━━━━━ Materials provided ━━━━━

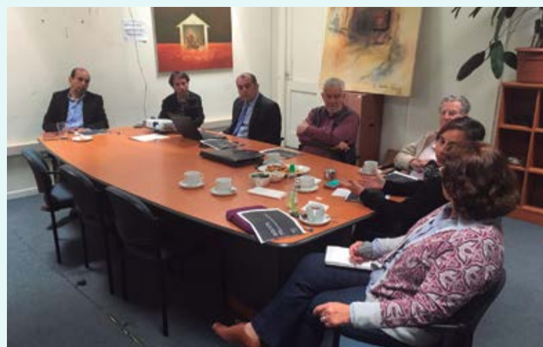
Región de O'Higgins
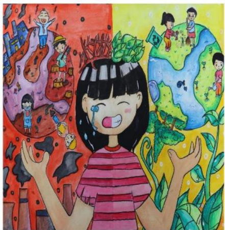
กรมส่งเสริมการค้าระหว่างประเทศ กระทรวงพาณิชย์
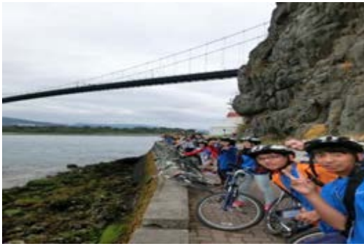
スタンレーパークにて
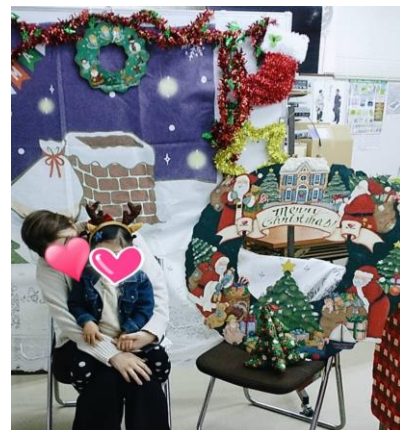
子育て支援：記念撮影会
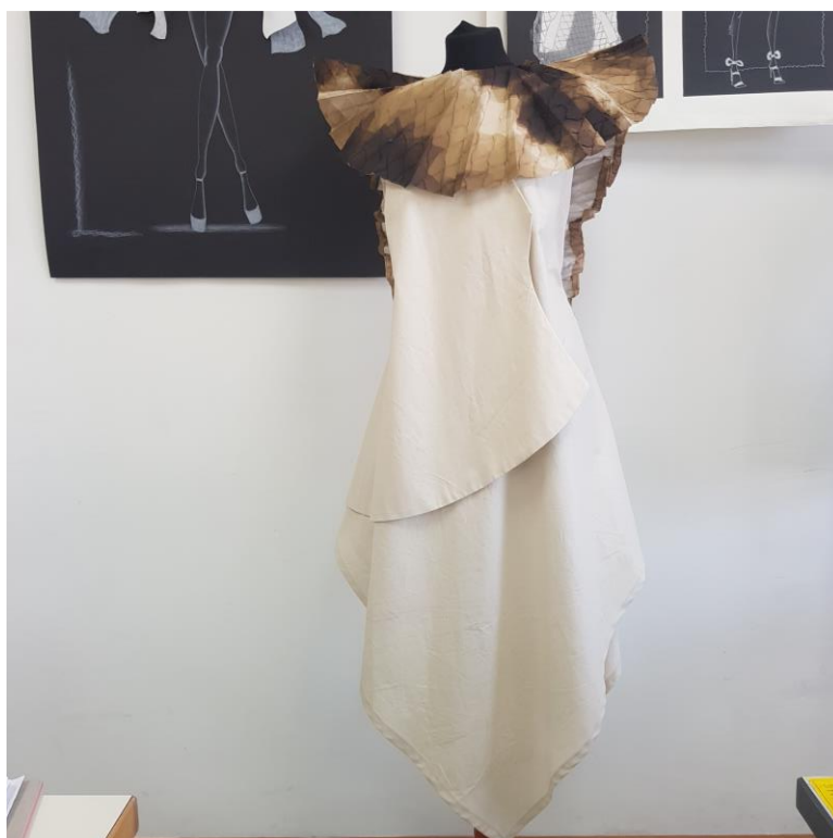
Slika 47: Gotov videz

━━━━━

■ Exercise objective ■
Copy the lines above exactly. Do not include pictures.

■ Exercise solution ■
Región de O'Higgins
กรมส่งเสริมการค้าระหว่างประเทศ กระทรวงพาณิชย์
スタンレーパークにて
子育て支援：記念撮影会
Slika 47: Gotov videz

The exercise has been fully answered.